Longitudinal single cell clonal analysis reveals evolutionary stasis and predetermined malignant potential in non-dysplastic Barrett’s Oesophagus

Pierre Martinez1,Margriet R. Timmer2,Chiu T. Lau2,Sybren L. Meijer2,Fiebo J.W. ten Kate2,Rosalie C. Mallant-Hent3,9,Anton H.J. Naber4,9,Arnoud H.A.M. van Oijen5,9,Lubbertus C. Baak6,9,Pieter Scholten7,9,Clarisse J.M. Böhmer8,9,Paul Fockens2,Jacques J.G.H.M. Bergman2,9,Carlo C. Maley10,11,Trevor A. Graham1,Kausilia K. Krishnadath2,9

1Barts Cancer Institute – Queen Mary University of London, London, UK,2Academic Medical Center – University of Amsterdam, Amsterdam, The Netherlands,3Department of Gastroenterology and Hepatology, Flevoziekenhuis, Almere, The Netherlands,4Department of Gastroenterology and Hepatology, Tergooiziekenhuizen, Hilversum, The Netherlands,5Department of Gastroenterology and Hepatology, Medisch Centrum Alkmaar, Alkmaar, The Netherlands,6Department of Gastroenterology and Hepatology, Onze Lieve Vrouwe Gasthuis, Amsterdam, The Netherlands,7Department of Gastroenterology and Hepatology, Sint Lucas Andreas Ziekenhuis, Amsterdam, The Netherlands,8Department of Gastroenterology and Hepatology, Spaarne Ziekenhuis, Hoofddorp, The Netherlands,9Gastroenterological Association, Amsterdam, The Netherlands,10Center for Evolution and Cancer, University of California at San Francisco, San Francisco, CA, USA,11Biodesign Institute, School of Life Sciences, Arizona State University, Tempe, AZ, USA

Presenting date: Tuesday 3 November
Presenting time: 16.10-16.25


Endoscopic surveillance of the premalignant condition Barrett's Oesophagus provides a unique opportunity to study the evolution of a solid human neoplasm over both space and prolonged periods of time. Here we report the pattern of longitudinal clonal evolution occurring in a large cohort of 195 non-dysplastic Barrett's patients followed for a median duration of 43 (range: 11-130) months.

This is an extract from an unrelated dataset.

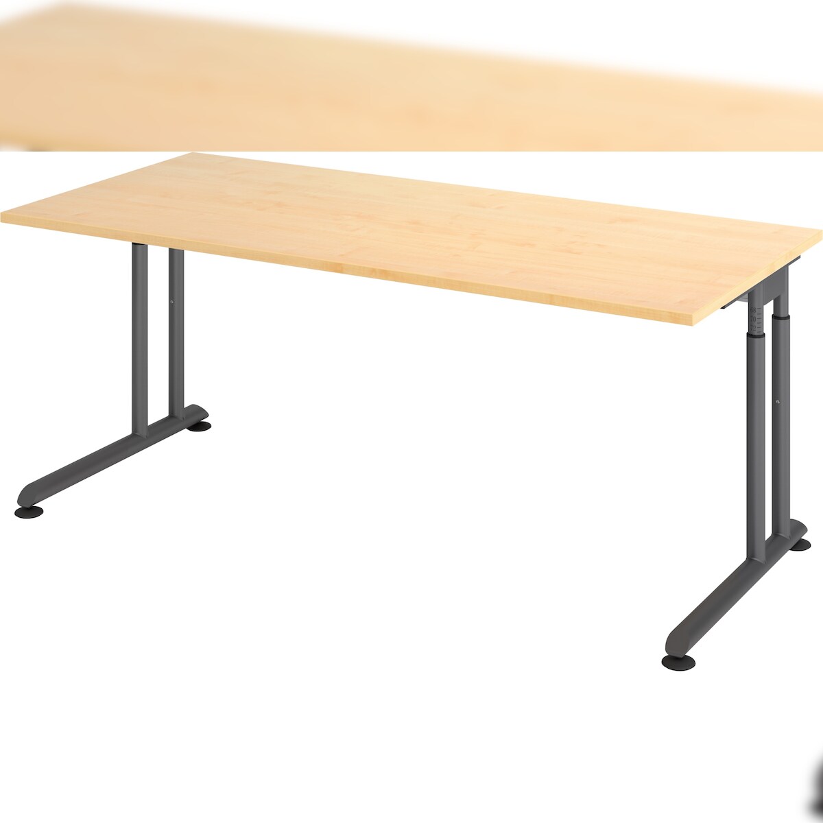 bümö höhenverstellbarer Schreibtisch Z-Serie 180x80 cm in Ahorn, Gestell in Graphit - großer PC Tisch für's Büro manuell höhenverstellbar,
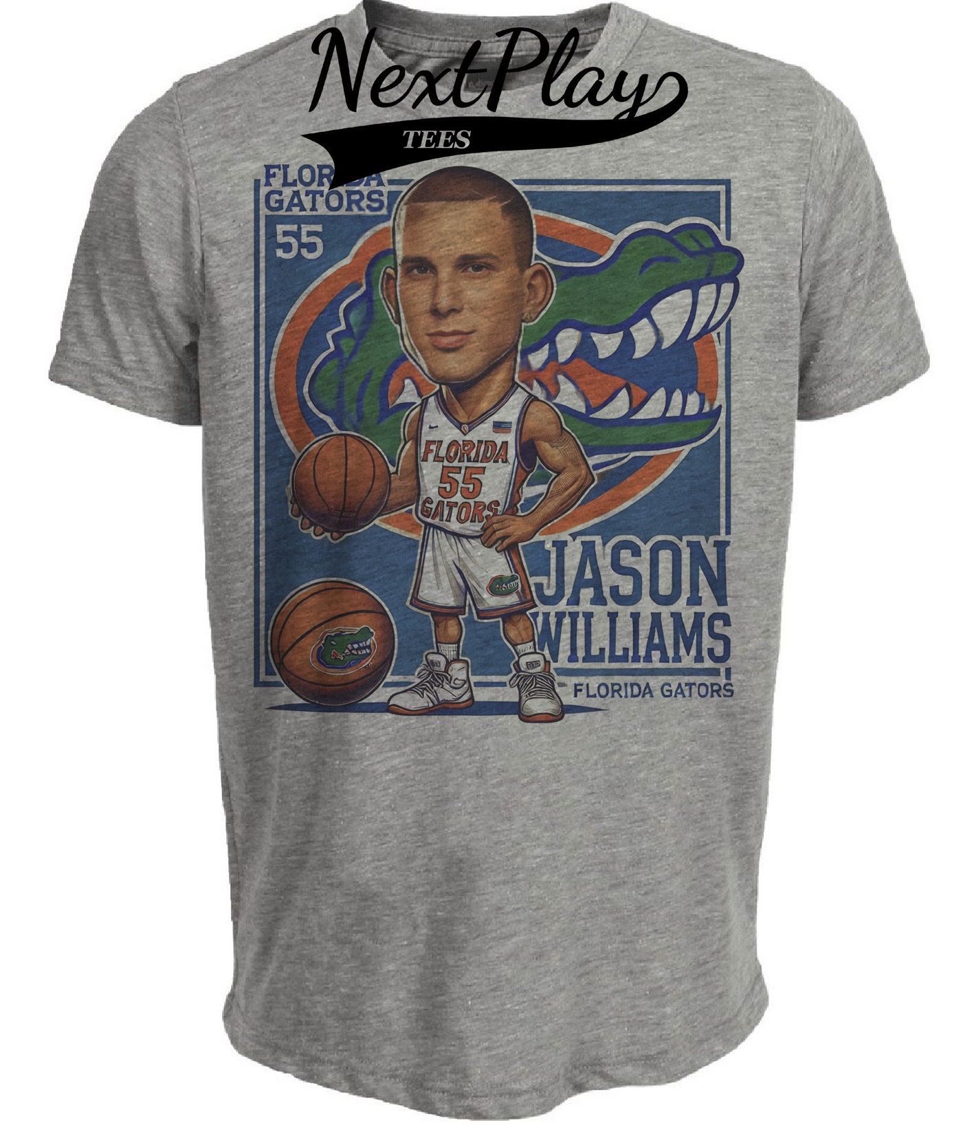 Florida Gators Jason Williams Exclusive Retro Basketball 1998 Artwork Heather Gray Sublimated T-Shirt

Multicolor fluorescence in situ hybridization was used to obtain single-cell genetic profiles from at least two different time points from each patient. We calculated several genetic diversity metrics and used uni- and multivariate analyses, Kaplan-Meier survival curves and resampling analyses to assess the relevance of our findings. We estimated clone size by multiplying clonal frequencies by segment area estimates.


We found that the level of genetic diversity in the population remained relatively stable over time with only one detectable clonal expansion every 36.8 patient years. These clones grew at an average of 2.1mm per year. Nevertheless, the non-dysplastic Barrett's lesions proved to be in a dynamic equilibrium whereby existing clones were continually lost and replaced by new clones. Strikingly, the baseline level of genetic diversity was a significant predictor of progression risk that outperformed all other single-marker measures.


Our results indicate a lack of strong selection for mutant clones within the Barrett's segment, while a high initial diversity status predicts future progression risk. These data challenge the existing stepwise model of carcinogenesis in solid tissues, and even argue against the prior model of neoplastic progression as a series of selective sweeps. Our results, consistent with other recent findings, suggest that clonal expansions are rare and slow growing, and that the malignant potential of a ‘benign' Barrett's lesion is predetermined within this observational timeframe. These observations have important consequences for managing cancer risk in Barrett's patients.